------ Available data

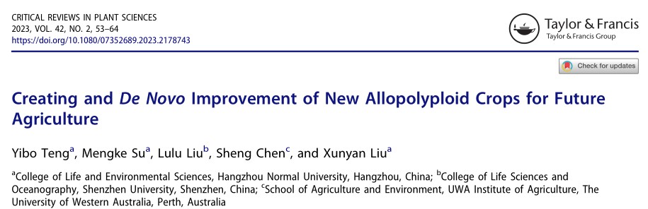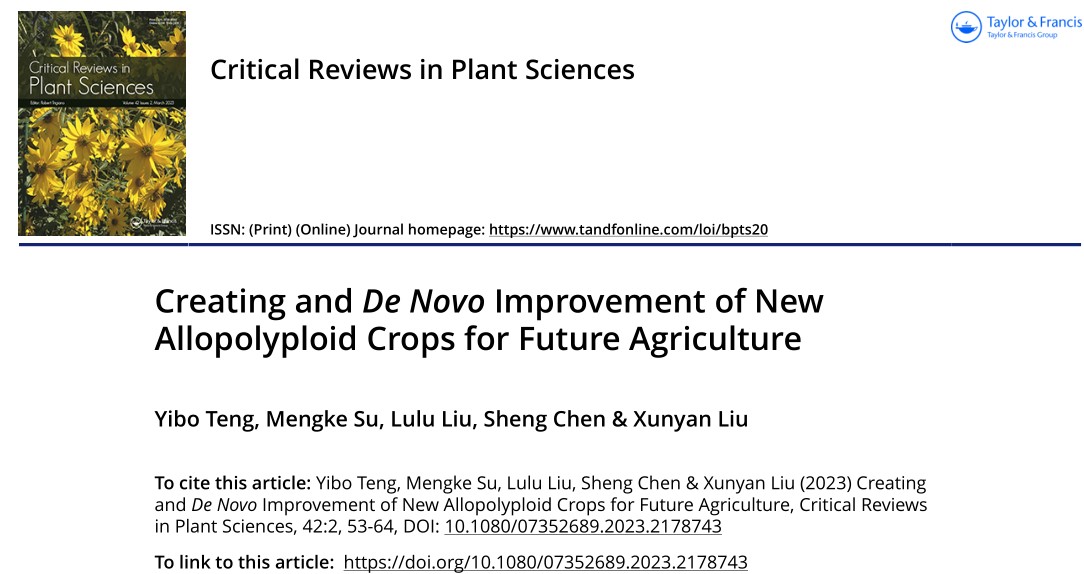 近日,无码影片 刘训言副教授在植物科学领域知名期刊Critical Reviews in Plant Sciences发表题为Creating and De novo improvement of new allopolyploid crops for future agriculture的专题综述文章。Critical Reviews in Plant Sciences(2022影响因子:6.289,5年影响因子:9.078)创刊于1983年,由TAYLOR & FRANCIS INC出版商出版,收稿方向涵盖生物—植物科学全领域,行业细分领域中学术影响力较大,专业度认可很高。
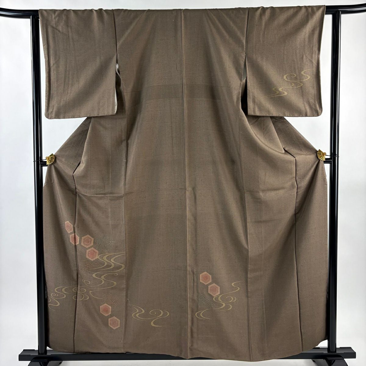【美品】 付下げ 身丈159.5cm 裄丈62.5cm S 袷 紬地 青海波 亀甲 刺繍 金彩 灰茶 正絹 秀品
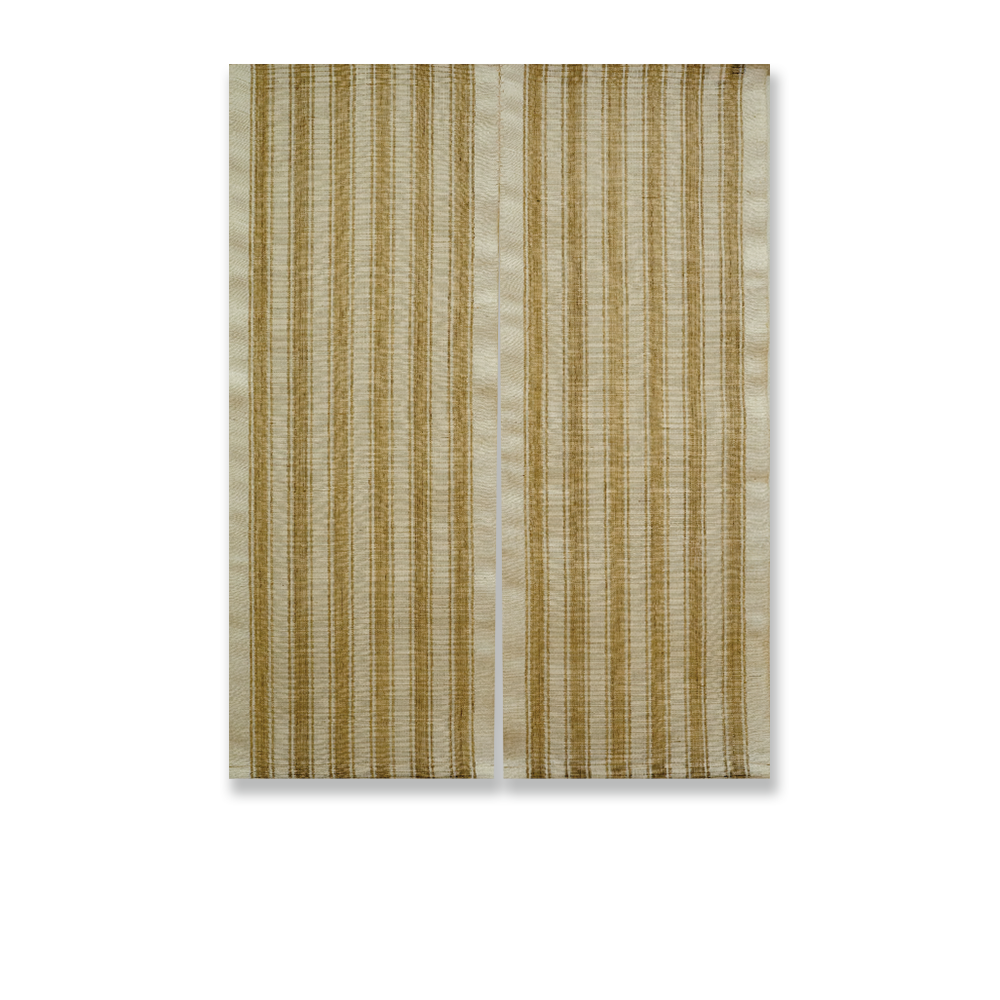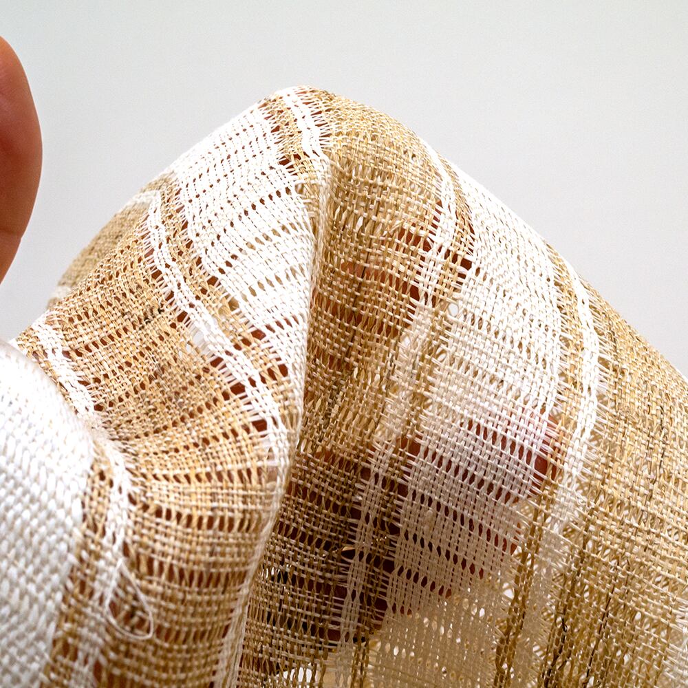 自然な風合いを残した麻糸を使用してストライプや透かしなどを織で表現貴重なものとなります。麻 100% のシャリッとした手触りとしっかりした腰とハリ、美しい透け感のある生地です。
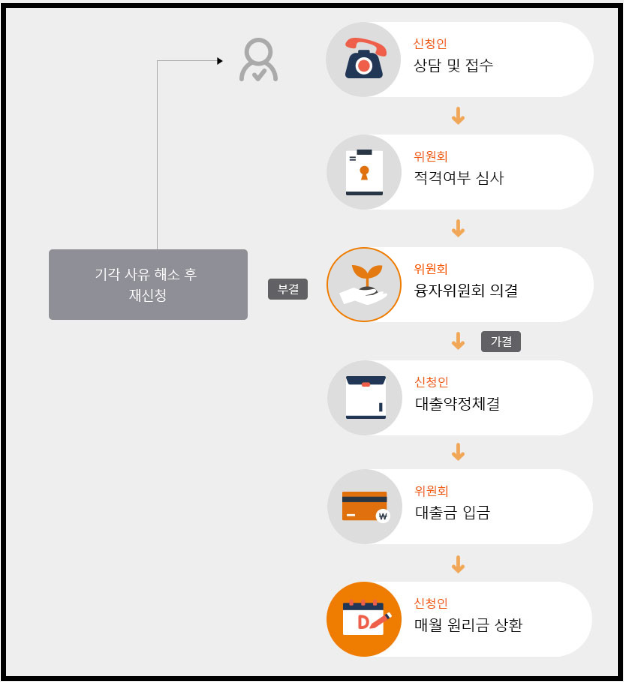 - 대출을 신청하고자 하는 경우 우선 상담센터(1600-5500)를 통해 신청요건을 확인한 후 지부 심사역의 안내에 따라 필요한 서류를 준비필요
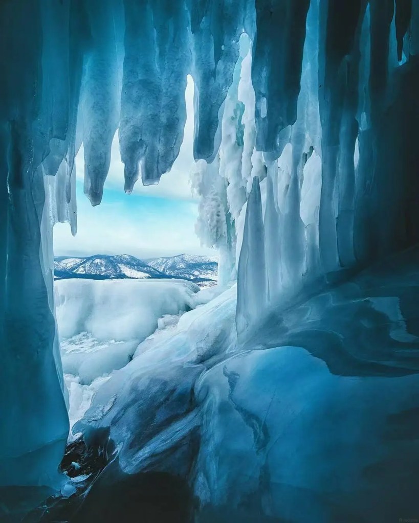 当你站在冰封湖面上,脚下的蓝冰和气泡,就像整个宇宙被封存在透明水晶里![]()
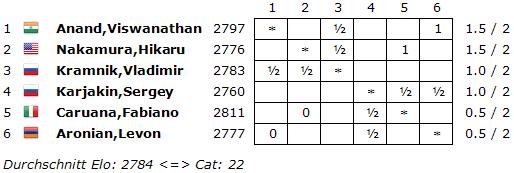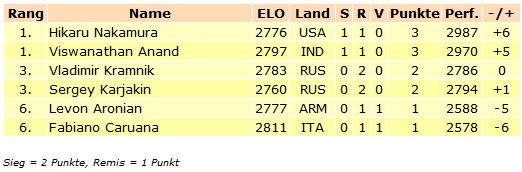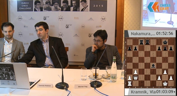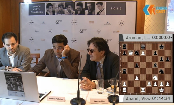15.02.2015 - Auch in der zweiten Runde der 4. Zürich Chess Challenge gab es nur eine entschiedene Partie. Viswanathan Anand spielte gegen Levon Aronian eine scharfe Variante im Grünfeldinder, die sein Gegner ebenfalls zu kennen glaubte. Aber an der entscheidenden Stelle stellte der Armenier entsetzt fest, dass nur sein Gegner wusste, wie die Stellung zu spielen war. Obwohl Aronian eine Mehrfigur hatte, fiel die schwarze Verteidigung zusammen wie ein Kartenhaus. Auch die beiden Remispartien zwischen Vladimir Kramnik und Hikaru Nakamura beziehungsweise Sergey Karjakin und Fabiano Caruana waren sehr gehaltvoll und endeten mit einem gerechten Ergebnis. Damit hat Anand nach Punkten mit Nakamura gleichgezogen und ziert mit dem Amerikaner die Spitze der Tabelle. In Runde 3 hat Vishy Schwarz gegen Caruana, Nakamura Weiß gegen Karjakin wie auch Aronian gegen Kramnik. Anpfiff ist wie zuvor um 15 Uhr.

------------
------ Available data

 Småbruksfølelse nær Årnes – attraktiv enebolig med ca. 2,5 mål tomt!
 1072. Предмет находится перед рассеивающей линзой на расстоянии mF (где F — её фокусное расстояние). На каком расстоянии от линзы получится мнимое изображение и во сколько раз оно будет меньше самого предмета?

------------

* **Task objective**
Would you restate, exactly and with no pictures, the lines of the entries above from the one containing "- 대출을 신청하고자" through the one containing "当你站在冰封湖面上,脚下的蓝冰和气泡,就像整个宇宙被封存在透明水晶里![]()"?

* **Task response**
 - 대출을 신청하고자 하는 경우 우선 상담센터(1600-5500)를 통해 신청요건을 확인한 후 지부 심사역의 안내에 따라 필요한 서류를 준비필요
 当你站在冰封湖面上,脚下的蓝冰和气泡,就像整个宇宙被封存在透明水晶里![]()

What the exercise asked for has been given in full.